Under this operation sequence, the amount-of-injection
characteristics, as represented with the fuel injection command
pulse width taken on the abscissa and the amount of fuel injection
taken on the ordinate, appear as a fuel injection characteristics
curve 120 shown in FIG. 4.
[0047] However, the voltage of the power supply 103 frequently
changes. In particular, when a battery for an automobile is
employed as the power supply 103, the voltage could decrease to
about 6 V, as represented by numeral 114 in FIG. 3(B). In other
words, the voltage may change to a value smaller than the voltage
judgment reference value V.sub.th.
[0048] At this time, supposing that the resultant inductance of the
coils is great, as described above, since the current flowing
through the coils would also decrease, the response characteristics
of the magnetomotive force would decrease, taking the form as
denoted by numeral 115 in FIG. 3(F). Because of the lack of
magnetomotive force (ampere-turns), the displacement of the valve
would take a form as denoted by numeral 116 in FIG. 3(G), thus
making valve opening incomplete. In extreme cases, the fuel
injection valve might not open at all.
[0049] More specifically, the amount-of-injection characteristics
of the fuel injection valve might appear as the characteristics
curve 121 or 122 shown in FIG. 4. In other words, even if the same
injection command pulse width is assigned, the amount of fuel
injection would decrease. If this is the case, since the amount of
fuel injection required for the particular operational status of
the internal-combustion engine cannot be supplied, a problem will
be caused in the operation of the internal-combustion engine.

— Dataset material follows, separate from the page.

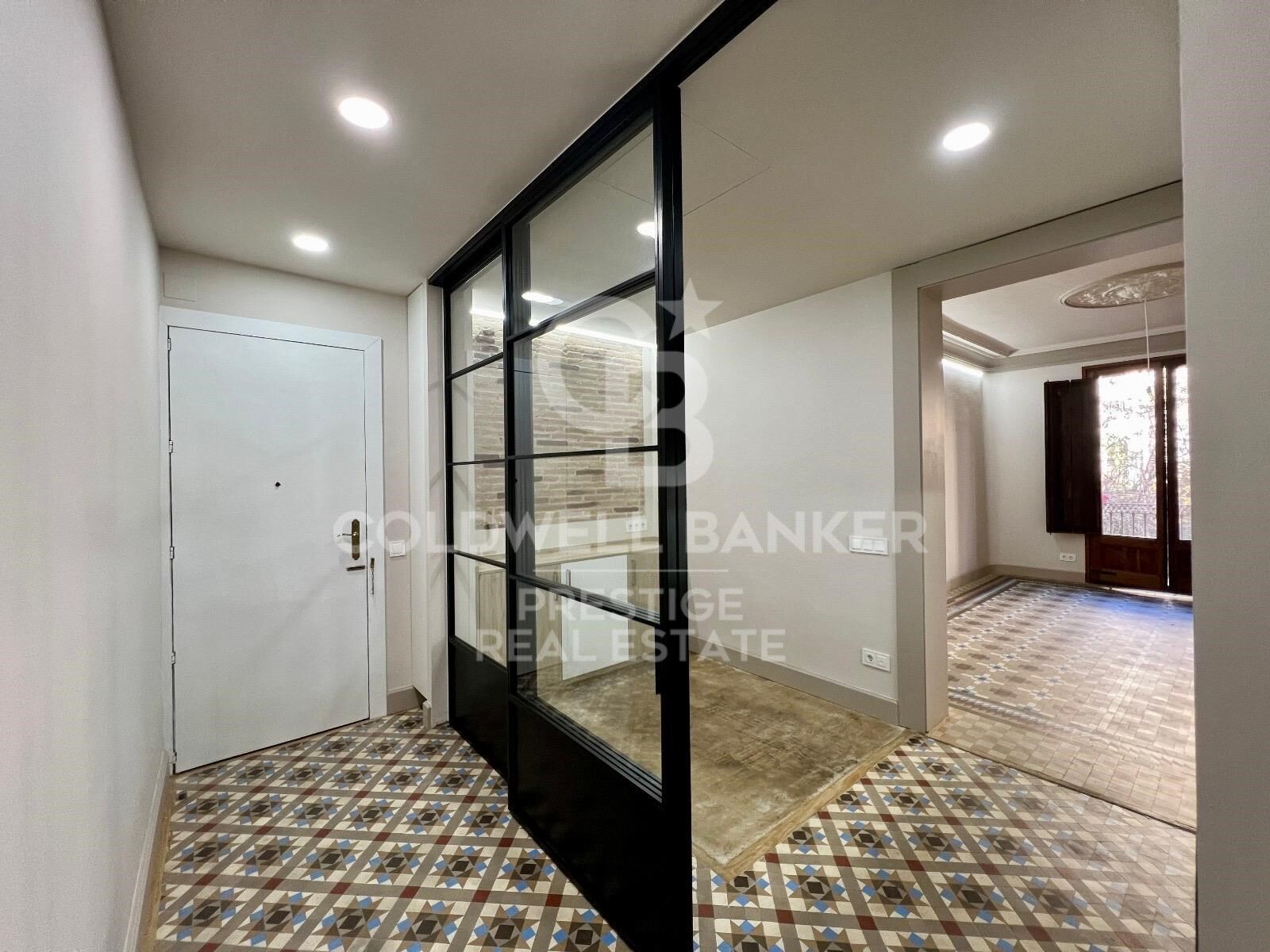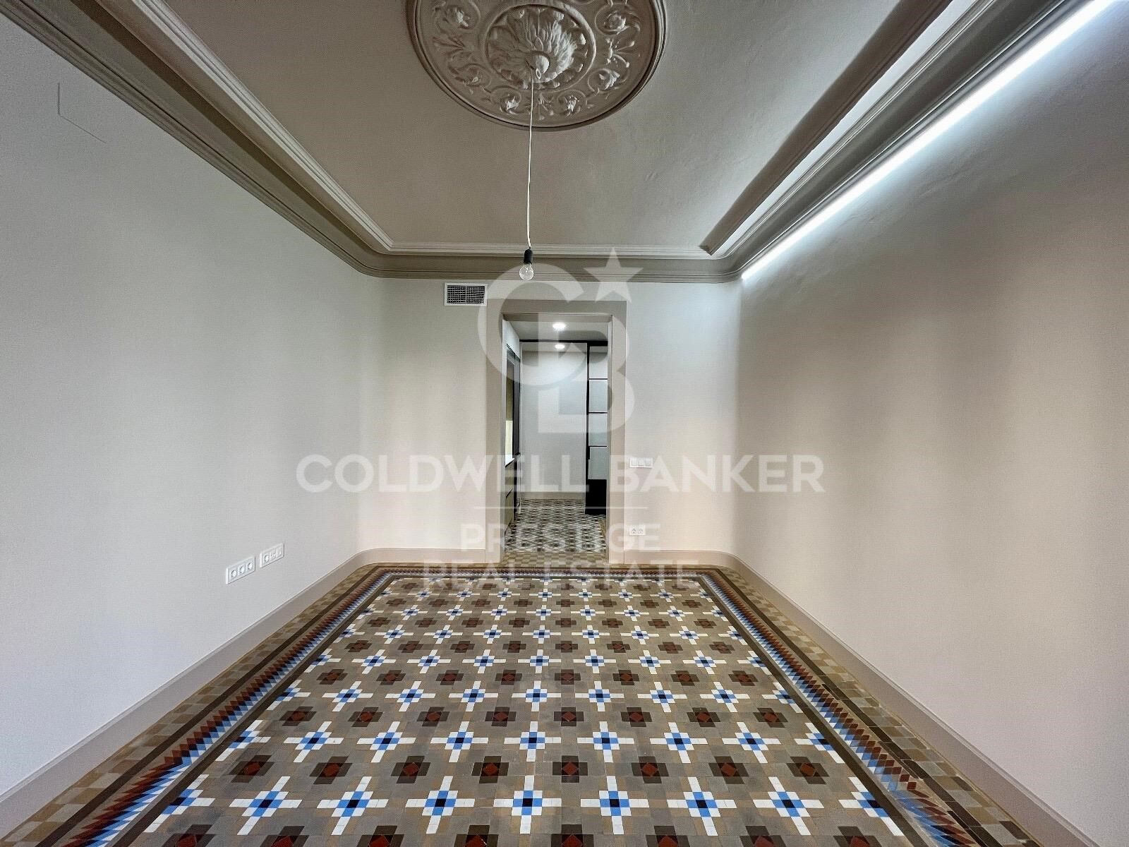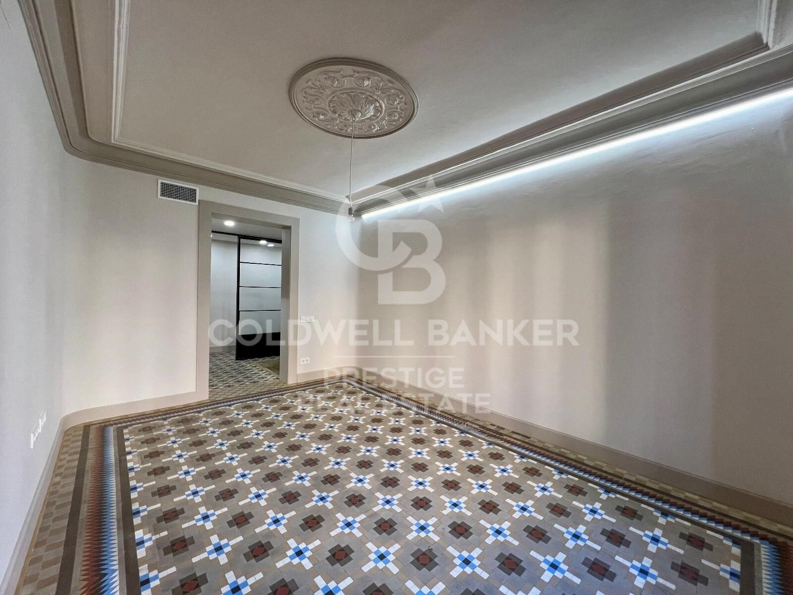 Descubre un hogar con carácter propio en plena Gran Vía, donde la historia y la modernidad conviven en perfecta armonía. Ubicado en una quinta planta, este piso ha sido renovado con gusto y funcionalidad, manteniendo la esencia arquitectónica original del edificio. Desde el primer momento, destacan los techos altos de 3,7 metros, que amplifican la luz natural y aportan una sensación única de amplitud. El pavimento de mosaico hidráulico, cuidadosamente preservado, añade un toque artístico y aporta personalidad a cada estancia. La reforma integral combina materiales contemporáneos con elementos clásicos, logrando un equilibrio entre estética y confort. La vivienda disfruta de doble orientación, lo que garantiza luminosidad constante y una ventilación cruzada excepcional. Las estancias principales se asoman a la Gran Vía, permitiéndote sentir la energía del centro urbano desde una perspectiva privilegiada. En contraste, el extremo posterior de la vivienda ofrece un refugio de calma: una práctica terraza cubierta que se convierte en un espacio ideal para desconectar, leer o disfrutar de un momento al aire libre sin renunciar a la privacidad, un verdadero lujo en esta zona tan solicitada de la ciudad. Cada elemento del piso ha sido pensado para aportar bienestar y practicidad en el día a día. Tanto si te gusta compartir momentos con invitados bajo sus imponentes techos como si prefieres relajarte en tu terraza, esta vivienda te ofrece luz, comodidad y carácter en una de las ubicaciones más emblemáticas de Barcelona. Para más información o para concertar una visita, no dudes en ponerte en contacto con nosotros. #ref:CBES2747 (2)
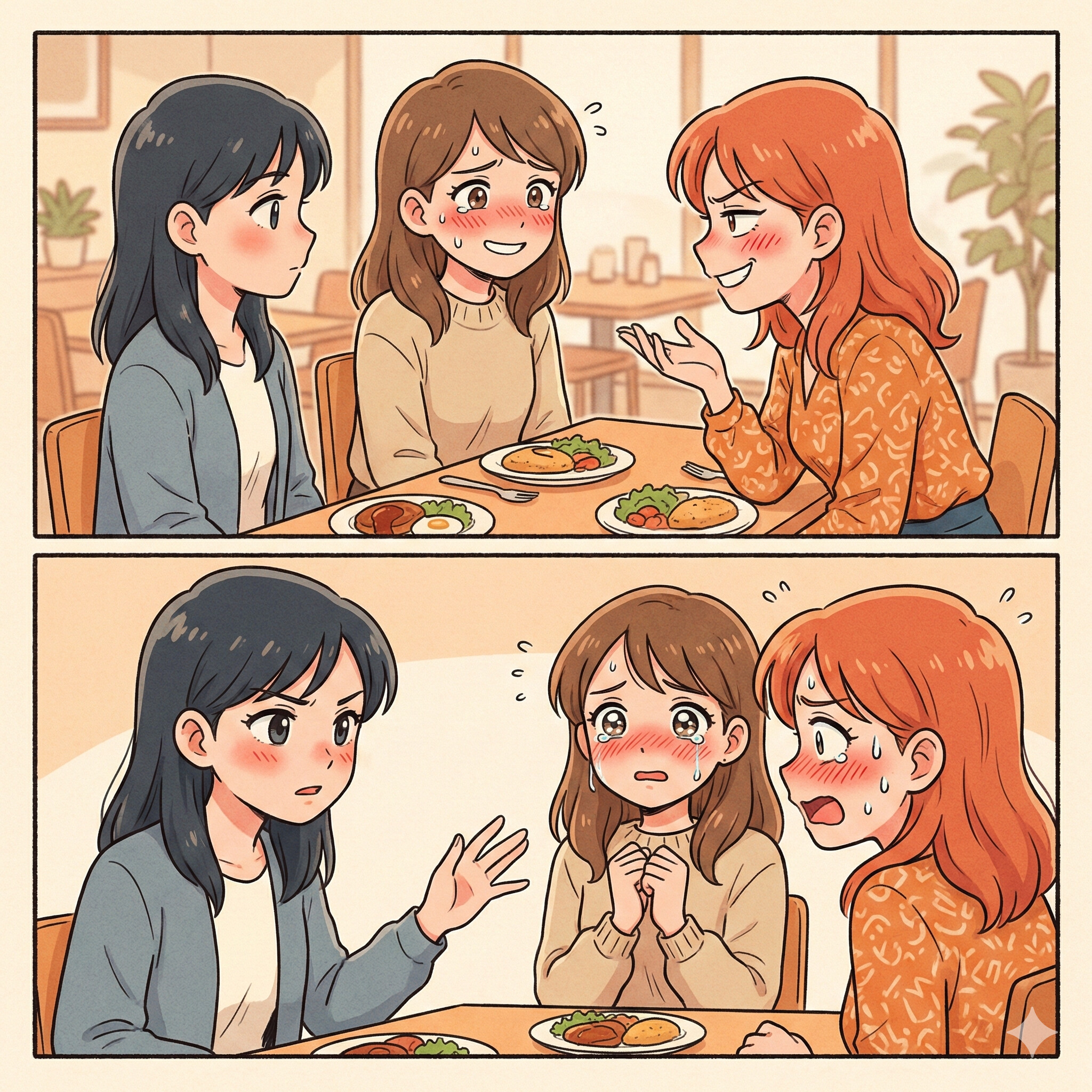 その後、話題は自然と変わり、ランチ自体は穏やかに終わりましたが、帰り際の彼女は少し気まずそうにしていました。

Under
this operation sequence, the amount-of-injection characteristics,
as represented with the fuel injection command pulse width taken on
the abscissa and the amount of fuel injection taken on the
ordinate, would change from the characteristic 120 shown in FIG. 4
to the characteristics 121 or 122.
[0050] In order to solve this problem, the considerations described
below are incorporated into the present embodiment. The operation
of the fuel injector, when the voltage value of the power supply
103 is smaller than the above-mentioned voltage judgment reference
value V.sub.th, will be described below with reference to FIG.
5.
[0051] When the battery voltage V.sub.103 is such that
V.sub.103.ltoreq.V.sub.th, and the injection command pulse 110
turns on at "t.sub.0", as seen in FIG. 5(A), the control unit 102
outputs a control signal 117 for disconnecting the first switch
105, as seen in FIG. 5(C), and it outputs control signals 118 and
119 for connecting the second switch 106 and the third switch 107,
as seen in FIG. 5(D) and FIG. 5(E). Thus, the first coil 100 (N1)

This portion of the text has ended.